Task description: Transcribe the data below verbatim from the line with "ハンドル周りやバックレストに" to the line with "Кашпо деревянное двуреечное, ручка". Include both of those lines.

Exercise data:
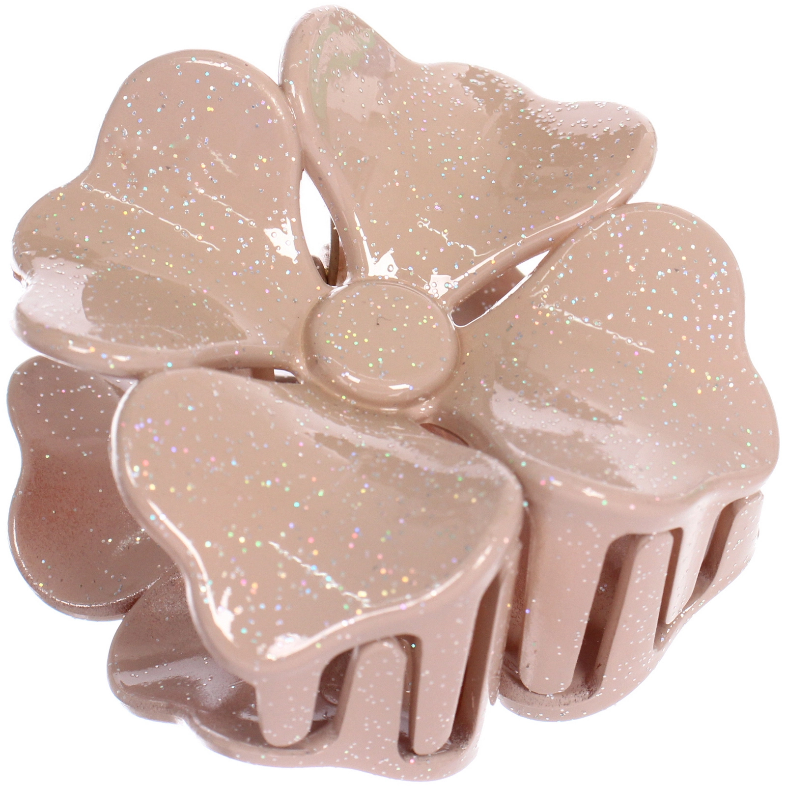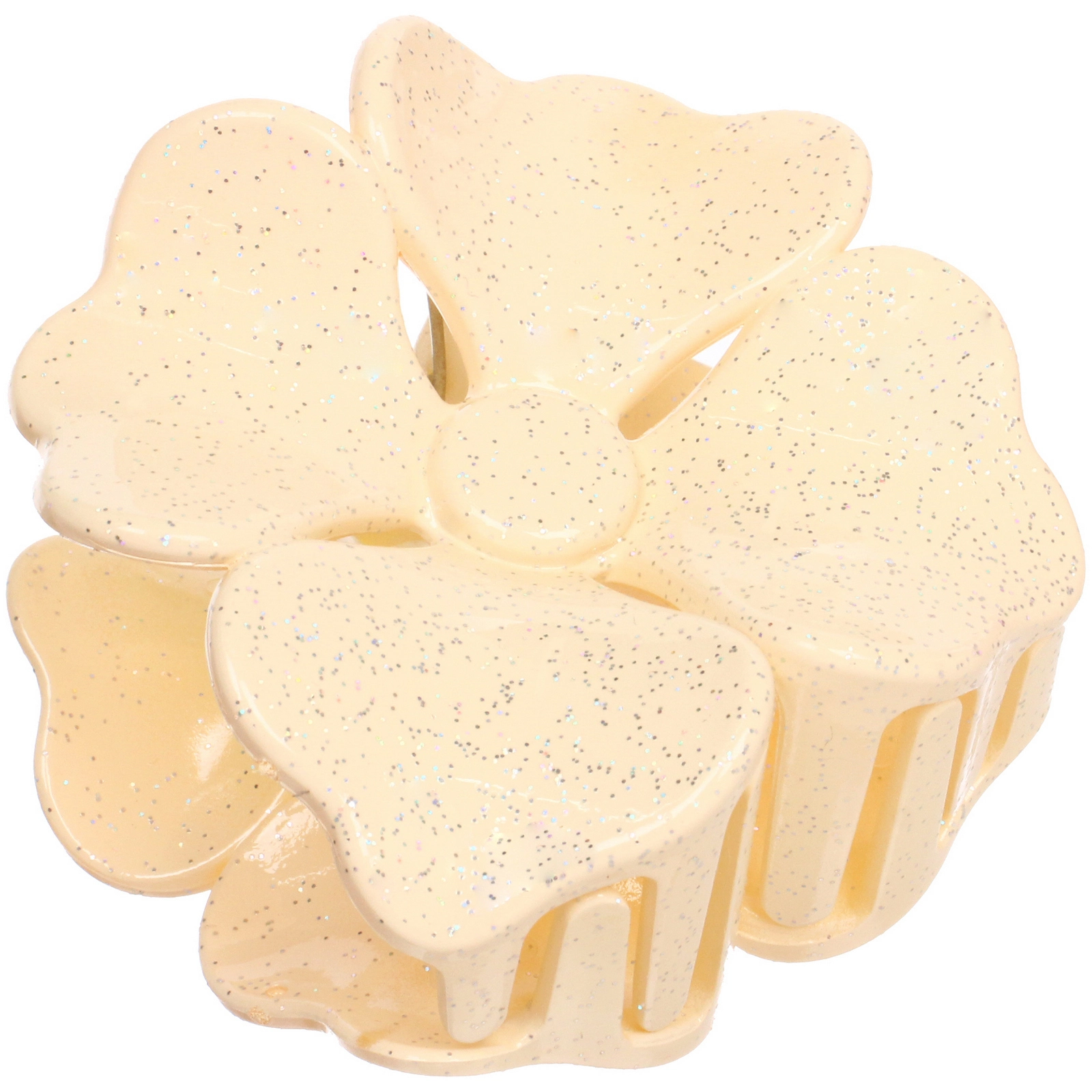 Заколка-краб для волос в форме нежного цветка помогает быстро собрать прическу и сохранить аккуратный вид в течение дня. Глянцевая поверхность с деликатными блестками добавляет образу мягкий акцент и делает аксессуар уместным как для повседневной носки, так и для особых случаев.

--

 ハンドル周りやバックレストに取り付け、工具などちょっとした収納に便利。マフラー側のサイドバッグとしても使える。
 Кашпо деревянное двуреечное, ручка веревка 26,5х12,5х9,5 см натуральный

Your response:
 ハンドル周りやバックレストに取り付け、工具などちょっとした収納に便利。マフラー側のサイドバッグとしても使える。
 Кашпо деревянное двуреечное, ручка веревка 26,5х12,5х9,5 см натуральный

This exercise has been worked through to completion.